Doyeon Kim, a post-doctoral student at the University of Maryland, and his colleagues used an algorithm to analyze over 7,000 seismic readings—specifically shear waves generated during an earthquake—recorded between 1990 and 2018. All of the earthquakes, which had a magnitude of 6.5 or greater and were more than 125 miles or deeper below Earth’s surface, occurred in the Pacific Ocean Basin. Kim and his colleagues published the results of their study last week in the journal Science.
The analysis revealed a massive, previously undiscovered structure beneath the Marquesas Islands in the Pacific, as well as a newly discovered structure below Hawaii. The structure perched below the Marquesas measures about 620 miles in diameter and is 15 miles thick.
Researchers are still puzzling over what makes up these structures, dubbed ultra-low velocity zones because seismic waves pass through them more slowly. They seem to have a different composition and density from the molten iron-nickel outer core and the slushy rock that makes up the mantle.
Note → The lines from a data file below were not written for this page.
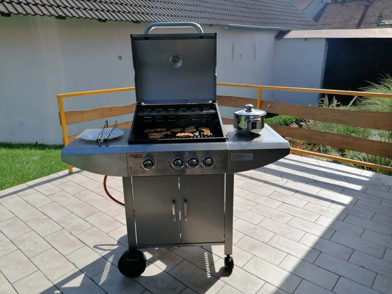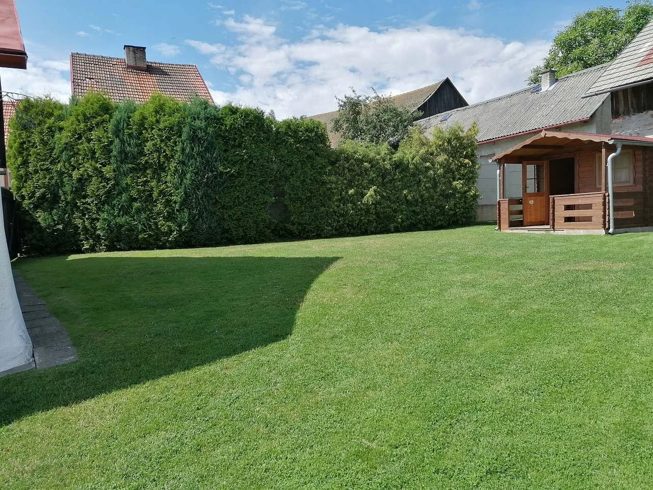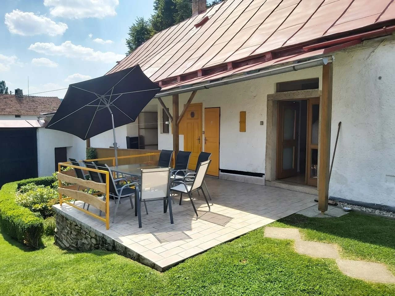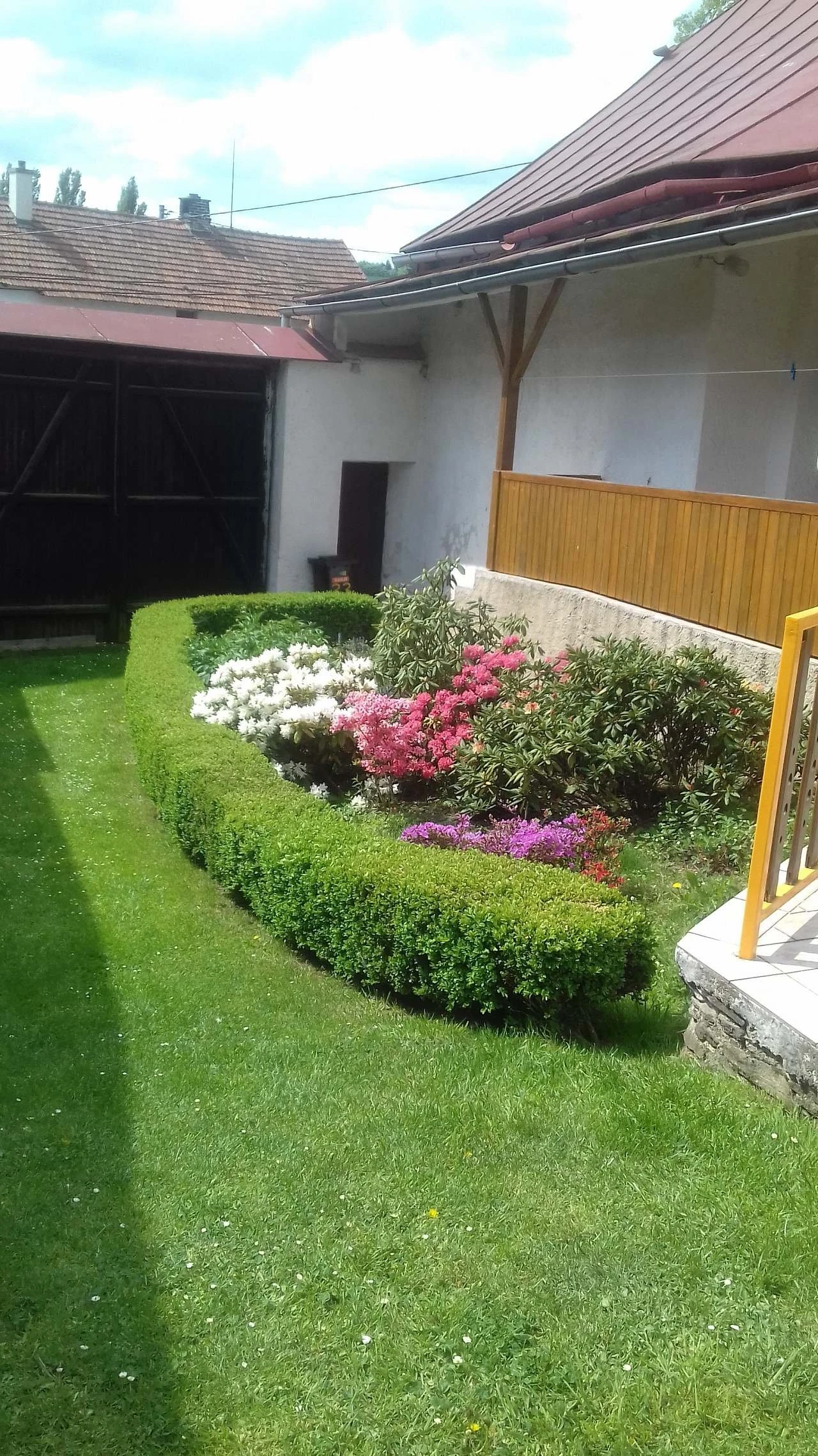 Součástí objektu je uzavřený dvůr, udržovaná zahrada, terasa a přilehlá stodola, které poskytují dostatek prostoru pro pobyt venku, hry dětí i sportovní aktivity. K venkovnímu vybavení patří bazén, koupací sud s filtrací a ohřevem na dřevo, venkovní krb a možnost posezení. Dřevo na topení je po dobu pobytu k dispozici. Koupací sud lze využívat opakovaně, přičemž udržení teploty vody nevyžaduje dlouhý opětovný ohřev.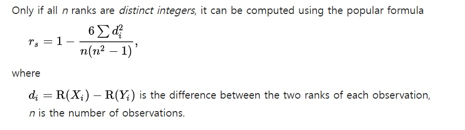 두 변수의 순위(rank)에 대한 피어슨 상관계수와 정확히 동일하다.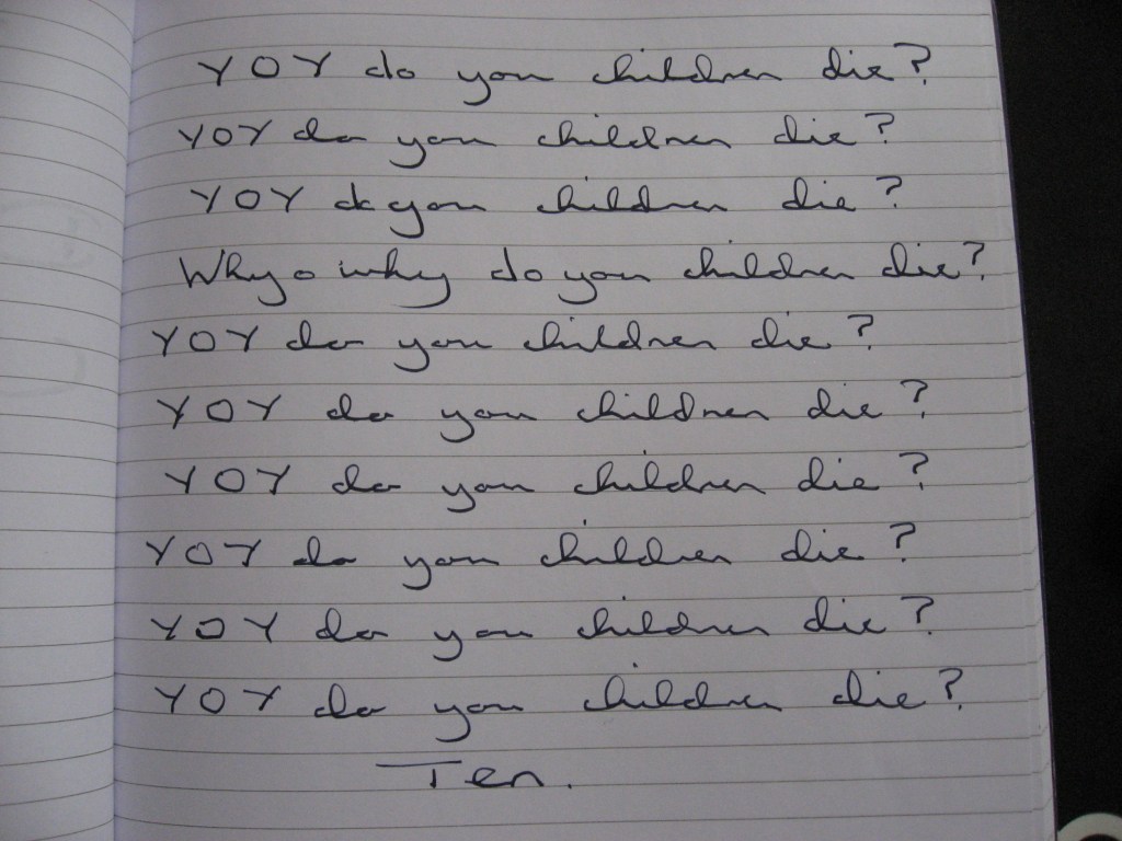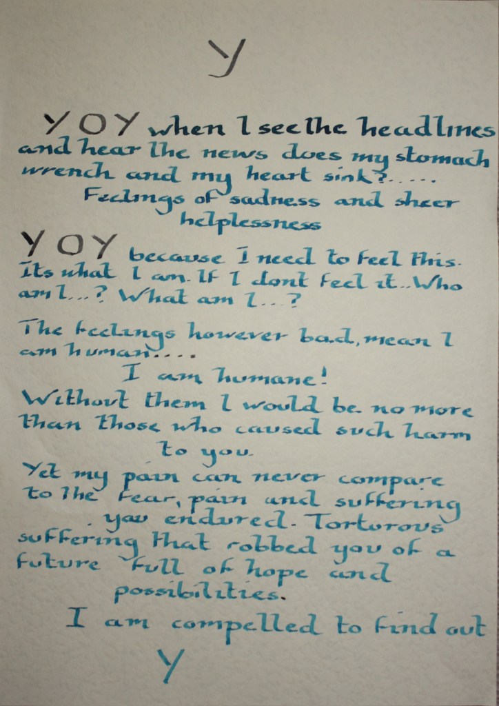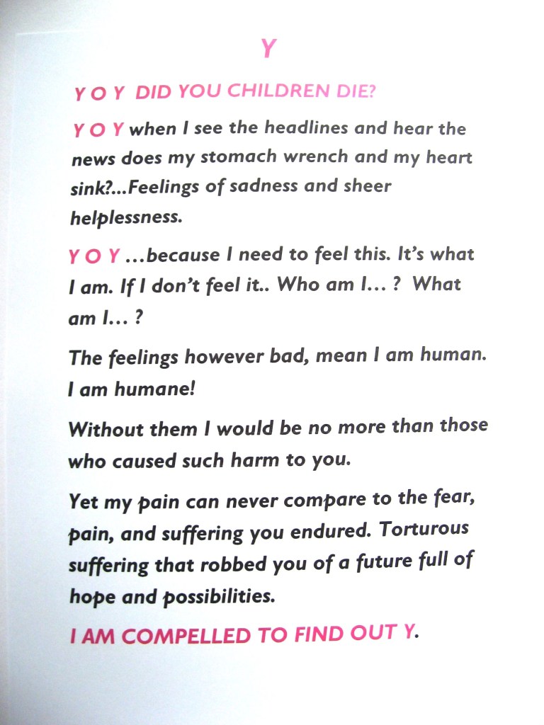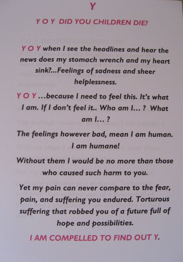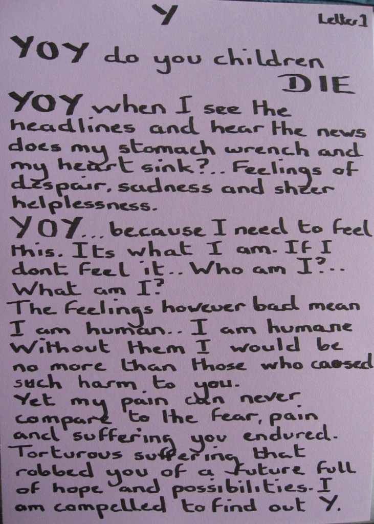 For this assignment I’ve initially taken the first line of the letter.. Y O Y do you children die? Writing the letter wasn’t easy but some things aren’t in life and you just need to do them. The anger I feel on their behalf, helped me maintain a momentum in getting the words out to them.

These aren’t the first such structures that scientists have discovered. Since the 1970s, geologists have used seismic tomography to piece together what Earth’s interior looks like. When an earthquake erupts, the seismic waves it generates travel through Earth’s interior. Some, like S-waves, can’t pass through certain layers beneath the surface, such as Earth’s liquid outer core. This helps paint a picture of what’s happening deep below Earth’s surface.
The more information we have about this peculiar place, the better chance we’ll have at understanding how our dynamic planet formed.